Here’s an article with Science! Short conclusion: aging doesn’t really matter for most stuff except psychologically. Slightly longer answer: aging breaks some carbohydrates down into sugars, which counteracts some acidic and spicy flavors, which may or may not be what you want, depending on the recipe.

actually I think most Dorito flavors tastes better if you let it get cold in the fridge …….

Smoked brisket. I always let it cool down completely, even overnight, before slicing and reheating. The deep set aroma is amazing.

I prefer my sub sandwiches after they have sat in the fridge for a day. Most people would call them gross and soggy at that point but they taste better to me.

Steaks and roasts should rest 5 to 10 minutes after cooking. It allows the juices to stay in the meat.

Baked sweet potatoes are better the next day. They peel easily straight from the fridge. Slice about 1/4" thick and cook in a skillet with butter.

Egg custard is better the next day. Heat in a warm oven for a couple minutes. Just take the chill off.

So it IS some form of rotting going on. Nice. Humans are gross. :slight_smile:

Sort of along the same lines.

Mrs. FtG makes her own pizza bread in the bread machine. We have found that making the dough and then letting it sit for a day in the fridge before making the actual pizza improves it. Seen a cooking show that mentions this.
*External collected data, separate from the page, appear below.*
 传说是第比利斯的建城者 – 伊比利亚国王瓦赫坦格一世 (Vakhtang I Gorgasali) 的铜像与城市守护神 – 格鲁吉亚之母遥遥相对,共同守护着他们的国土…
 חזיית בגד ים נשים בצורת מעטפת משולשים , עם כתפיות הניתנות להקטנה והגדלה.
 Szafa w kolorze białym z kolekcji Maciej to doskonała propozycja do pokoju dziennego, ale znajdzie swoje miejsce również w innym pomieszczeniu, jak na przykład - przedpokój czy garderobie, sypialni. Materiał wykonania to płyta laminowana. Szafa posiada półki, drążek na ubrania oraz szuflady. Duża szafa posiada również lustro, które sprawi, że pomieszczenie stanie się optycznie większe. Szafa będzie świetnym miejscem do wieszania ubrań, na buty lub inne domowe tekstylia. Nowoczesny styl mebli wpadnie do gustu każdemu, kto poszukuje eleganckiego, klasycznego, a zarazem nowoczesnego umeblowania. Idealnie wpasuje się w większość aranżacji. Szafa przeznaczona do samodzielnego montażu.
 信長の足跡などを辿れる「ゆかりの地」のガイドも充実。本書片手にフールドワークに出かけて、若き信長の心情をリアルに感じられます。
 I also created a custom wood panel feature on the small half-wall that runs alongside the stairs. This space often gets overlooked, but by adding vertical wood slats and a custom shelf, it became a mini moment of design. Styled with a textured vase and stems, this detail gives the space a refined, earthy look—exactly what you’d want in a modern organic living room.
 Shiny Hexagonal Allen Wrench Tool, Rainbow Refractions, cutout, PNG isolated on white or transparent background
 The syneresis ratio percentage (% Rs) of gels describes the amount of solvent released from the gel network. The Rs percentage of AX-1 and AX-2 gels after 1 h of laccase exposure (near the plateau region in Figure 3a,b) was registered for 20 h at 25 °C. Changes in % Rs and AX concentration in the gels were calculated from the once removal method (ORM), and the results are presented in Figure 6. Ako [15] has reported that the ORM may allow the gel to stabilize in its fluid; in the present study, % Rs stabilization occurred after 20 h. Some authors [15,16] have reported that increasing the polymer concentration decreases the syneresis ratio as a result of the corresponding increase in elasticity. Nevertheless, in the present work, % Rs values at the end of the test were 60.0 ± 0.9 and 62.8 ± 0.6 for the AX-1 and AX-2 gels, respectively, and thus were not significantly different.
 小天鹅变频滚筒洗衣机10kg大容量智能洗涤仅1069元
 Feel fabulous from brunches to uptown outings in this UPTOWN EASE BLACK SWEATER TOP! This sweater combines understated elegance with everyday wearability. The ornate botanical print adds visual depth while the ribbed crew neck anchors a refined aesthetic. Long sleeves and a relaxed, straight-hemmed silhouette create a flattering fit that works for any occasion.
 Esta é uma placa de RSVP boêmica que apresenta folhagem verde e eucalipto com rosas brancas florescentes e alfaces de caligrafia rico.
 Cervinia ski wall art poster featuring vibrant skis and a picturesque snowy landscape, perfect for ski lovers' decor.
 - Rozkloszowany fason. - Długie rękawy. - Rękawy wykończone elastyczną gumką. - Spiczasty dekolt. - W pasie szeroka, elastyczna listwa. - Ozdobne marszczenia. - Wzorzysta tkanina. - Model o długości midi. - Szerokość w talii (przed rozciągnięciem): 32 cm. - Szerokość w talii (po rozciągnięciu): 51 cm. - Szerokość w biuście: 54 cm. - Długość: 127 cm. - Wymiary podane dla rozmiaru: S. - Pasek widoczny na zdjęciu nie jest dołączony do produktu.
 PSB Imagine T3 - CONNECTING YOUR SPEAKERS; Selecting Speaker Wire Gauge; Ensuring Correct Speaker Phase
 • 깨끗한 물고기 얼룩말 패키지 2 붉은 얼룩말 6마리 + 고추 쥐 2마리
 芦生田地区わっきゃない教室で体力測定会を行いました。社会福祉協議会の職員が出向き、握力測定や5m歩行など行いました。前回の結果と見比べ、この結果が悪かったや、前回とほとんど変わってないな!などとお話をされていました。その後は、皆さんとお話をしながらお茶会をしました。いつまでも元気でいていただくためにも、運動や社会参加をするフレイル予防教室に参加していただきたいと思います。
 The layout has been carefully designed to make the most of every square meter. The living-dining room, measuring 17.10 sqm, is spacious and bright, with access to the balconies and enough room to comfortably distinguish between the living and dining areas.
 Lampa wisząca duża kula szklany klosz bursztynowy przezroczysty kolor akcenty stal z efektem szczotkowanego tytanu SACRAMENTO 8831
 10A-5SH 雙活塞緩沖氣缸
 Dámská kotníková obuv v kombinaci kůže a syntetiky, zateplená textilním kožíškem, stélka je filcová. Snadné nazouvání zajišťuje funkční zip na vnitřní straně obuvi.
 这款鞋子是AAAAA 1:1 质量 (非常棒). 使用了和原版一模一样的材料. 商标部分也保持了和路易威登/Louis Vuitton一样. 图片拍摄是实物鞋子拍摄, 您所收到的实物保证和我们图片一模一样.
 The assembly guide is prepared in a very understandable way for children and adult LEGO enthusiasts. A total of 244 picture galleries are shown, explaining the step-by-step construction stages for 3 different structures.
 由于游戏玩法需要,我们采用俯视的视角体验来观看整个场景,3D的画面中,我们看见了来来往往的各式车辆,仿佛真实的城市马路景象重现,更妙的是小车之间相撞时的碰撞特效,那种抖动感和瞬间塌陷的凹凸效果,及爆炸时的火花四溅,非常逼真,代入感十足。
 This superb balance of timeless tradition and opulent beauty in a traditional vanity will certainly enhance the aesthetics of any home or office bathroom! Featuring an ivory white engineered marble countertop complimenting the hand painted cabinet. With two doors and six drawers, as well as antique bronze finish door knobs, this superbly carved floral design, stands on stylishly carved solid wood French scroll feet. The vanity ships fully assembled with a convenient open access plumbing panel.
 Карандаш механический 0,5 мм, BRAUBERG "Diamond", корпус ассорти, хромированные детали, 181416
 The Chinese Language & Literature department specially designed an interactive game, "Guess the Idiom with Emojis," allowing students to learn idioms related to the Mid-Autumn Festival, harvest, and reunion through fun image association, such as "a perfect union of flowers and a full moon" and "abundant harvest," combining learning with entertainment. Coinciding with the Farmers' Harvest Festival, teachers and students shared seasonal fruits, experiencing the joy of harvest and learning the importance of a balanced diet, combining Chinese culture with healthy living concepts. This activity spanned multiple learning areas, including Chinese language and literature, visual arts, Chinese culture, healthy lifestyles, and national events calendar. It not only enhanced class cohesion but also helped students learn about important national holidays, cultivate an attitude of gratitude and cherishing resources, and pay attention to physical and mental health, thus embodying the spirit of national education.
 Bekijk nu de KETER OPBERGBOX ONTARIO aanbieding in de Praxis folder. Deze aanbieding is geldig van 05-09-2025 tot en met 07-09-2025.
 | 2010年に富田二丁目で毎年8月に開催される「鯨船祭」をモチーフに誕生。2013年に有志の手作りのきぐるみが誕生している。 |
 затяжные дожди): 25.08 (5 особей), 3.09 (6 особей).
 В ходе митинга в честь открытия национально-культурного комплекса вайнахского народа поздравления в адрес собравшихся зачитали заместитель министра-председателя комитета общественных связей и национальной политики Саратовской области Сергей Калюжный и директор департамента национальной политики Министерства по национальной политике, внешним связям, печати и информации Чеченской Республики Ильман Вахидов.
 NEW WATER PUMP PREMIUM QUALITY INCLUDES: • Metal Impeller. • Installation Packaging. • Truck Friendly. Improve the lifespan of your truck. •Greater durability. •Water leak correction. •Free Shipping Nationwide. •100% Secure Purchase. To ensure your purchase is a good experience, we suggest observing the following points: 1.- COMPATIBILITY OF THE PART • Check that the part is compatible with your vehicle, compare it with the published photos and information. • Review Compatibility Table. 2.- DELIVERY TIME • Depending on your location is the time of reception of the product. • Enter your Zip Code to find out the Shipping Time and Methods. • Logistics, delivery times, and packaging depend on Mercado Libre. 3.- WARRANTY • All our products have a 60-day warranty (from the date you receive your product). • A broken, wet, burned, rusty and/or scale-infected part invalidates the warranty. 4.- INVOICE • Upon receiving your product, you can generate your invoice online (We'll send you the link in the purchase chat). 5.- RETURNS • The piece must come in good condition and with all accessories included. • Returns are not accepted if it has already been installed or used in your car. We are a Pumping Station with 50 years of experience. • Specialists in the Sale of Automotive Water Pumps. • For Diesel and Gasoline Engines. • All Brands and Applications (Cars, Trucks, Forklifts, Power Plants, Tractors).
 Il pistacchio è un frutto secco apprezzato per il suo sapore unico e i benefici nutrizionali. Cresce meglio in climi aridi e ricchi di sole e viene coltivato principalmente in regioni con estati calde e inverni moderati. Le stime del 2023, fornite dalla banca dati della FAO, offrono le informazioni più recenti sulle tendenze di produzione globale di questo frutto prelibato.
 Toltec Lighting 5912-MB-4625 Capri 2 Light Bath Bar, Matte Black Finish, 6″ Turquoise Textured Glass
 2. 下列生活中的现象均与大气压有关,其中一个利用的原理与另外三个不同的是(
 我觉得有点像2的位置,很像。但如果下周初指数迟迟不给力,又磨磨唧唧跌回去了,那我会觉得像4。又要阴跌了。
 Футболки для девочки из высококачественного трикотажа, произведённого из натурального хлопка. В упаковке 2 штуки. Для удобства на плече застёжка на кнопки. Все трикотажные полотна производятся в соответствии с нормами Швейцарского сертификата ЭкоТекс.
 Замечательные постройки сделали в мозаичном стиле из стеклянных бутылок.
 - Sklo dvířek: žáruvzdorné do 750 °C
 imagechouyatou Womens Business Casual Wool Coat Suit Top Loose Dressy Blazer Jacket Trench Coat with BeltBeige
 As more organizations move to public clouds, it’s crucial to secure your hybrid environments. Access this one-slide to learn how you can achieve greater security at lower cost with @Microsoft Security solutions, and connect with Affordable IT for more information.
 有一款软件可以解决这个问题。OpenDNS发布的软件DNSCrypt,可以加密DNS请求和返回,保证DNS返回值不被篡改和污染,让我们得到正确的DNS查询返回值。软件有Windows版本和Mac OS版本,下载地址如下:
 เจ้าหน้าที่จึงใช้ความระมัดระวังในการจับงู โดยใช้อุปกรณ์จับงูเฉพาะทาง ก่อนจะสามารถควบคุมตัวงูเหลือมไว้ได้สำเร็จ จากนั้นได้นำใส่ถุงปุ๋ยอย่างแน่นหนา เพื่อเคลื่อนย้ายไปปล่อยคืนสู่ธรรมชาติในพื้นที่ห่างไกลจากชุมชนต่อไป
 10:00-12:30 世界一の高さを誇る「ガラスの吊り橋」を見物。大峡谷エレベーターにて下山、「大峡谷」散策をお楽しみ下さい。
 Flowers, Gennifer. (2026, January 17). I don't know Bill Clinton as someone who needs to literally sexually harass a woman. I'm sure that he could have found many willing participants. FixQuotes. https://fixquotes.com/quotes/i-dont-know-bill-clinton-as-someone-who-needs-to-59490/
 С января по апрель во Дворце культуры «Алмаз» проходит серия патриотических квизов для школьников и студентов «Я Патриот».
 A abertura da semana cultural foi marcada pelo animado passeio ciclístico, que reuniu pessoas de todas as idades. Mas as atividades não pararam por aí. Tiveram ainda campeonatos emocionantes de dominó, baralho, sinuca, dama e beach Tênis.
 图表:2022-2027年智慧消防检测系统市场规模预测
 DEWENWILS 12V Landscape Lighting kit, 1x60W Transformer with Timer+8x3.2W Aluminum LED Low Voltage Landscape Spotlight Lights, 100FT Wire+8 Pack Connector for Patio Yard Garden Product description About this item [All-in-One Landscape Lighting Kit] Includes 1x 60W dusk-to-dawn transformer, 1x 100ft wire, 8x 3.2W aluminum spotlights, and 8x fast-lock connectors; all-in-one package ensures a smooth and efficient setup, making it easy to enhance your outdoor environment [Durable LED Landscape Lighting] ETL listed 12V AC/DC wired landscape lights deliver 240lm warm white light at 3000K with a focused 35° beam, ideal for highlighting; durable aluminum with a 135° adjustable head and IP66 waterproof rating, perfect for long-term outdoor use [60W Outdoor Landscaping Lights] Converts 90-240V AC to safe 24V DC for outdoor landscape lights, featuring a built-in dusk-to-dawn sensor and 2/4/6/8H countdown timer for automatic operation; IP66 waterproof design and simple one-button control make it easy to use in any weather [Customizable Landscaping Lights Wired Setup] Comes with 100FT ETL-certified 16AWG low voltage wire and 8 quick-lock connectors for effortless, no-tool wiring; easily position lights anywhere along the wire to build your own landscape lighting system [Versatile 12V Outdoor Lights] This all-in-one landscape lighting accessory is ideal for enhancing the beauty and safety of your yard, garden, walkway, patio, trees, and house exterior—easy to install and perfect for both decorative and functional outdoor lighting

But then you have a day of thinking: “There’s dough for a pizza just sitting there! So what if it’ll tastes better later. Later is not now!”

Yum!

Makes me think of the classic xkcd shirt. :slight_smile:

I’d been wondering if all dishes with cooked tomatoes taste better aged, and this would explain why – the tomato acidity breaks down. A little bit of sweet is as much a flavor enhancer as salt, so starch breaking down into sugars would explain why the spices flavors come through more, too.

I keep all my chips in the freezer. They’re a lot better cold.

Oxtail soup, which my gf makes as a winter treat, takes a couple of days to make. Then, just when you think it’s ready to eat we refrigerate it overnight to help in the removal of excess fat.

I’ve tasted the soup at various points in the process. The further along, the better it tastes.

The low-carb fudge* I make tastes better after sitting in the freezer for a few days. Has to be kept in the freezer or it won’t set.

*The Velveeta recipe with Splenda instead of powdered sugar. No, you shouldn’t taste the cheese.

I always half bake lasagna the first day, then fully bake the following day. As posted above, the sauce is less runny and it just flat out tastes better.

Goulash tastes better the next day after it is prepared.

I’m going with onions as an option to improve the recipe. I don’t know which ones you’re using. Red (purple actually) I only use raw; a few circles on a burger, some slivers on hot doges/brats/sausages, salad. They can be bitter, sharp, sulfery. In my chilli, I use sweet onions (Maui in Hawaii, Vidalia or something local for you). Or use a white or yellow. I have a 12" diameter chilli pot, maybe a 1/4"+ of olive oil, 2 heaping tablespoons of minced garlic and enough chopped onions to fill the bottom of the pot. I get that going for 10 minutes of more, usually much more. The heat is down a bit as I’m not trying to crisp or fry anything up. I’ll add the peppers then the ground meat. Is bison lean? I use ground turkey (healthy?) but add a couple of chopped up sweet Italian sausages because. Salt and pepper after the mix is browned and then the rest of the ingredients. Cook for at least another 3 hours.

The garlic and onions should sweeten up the mix. I’m also okay with the tomatoes breaking down theory too because - lasagne. More onions. Good eating. My $0.02.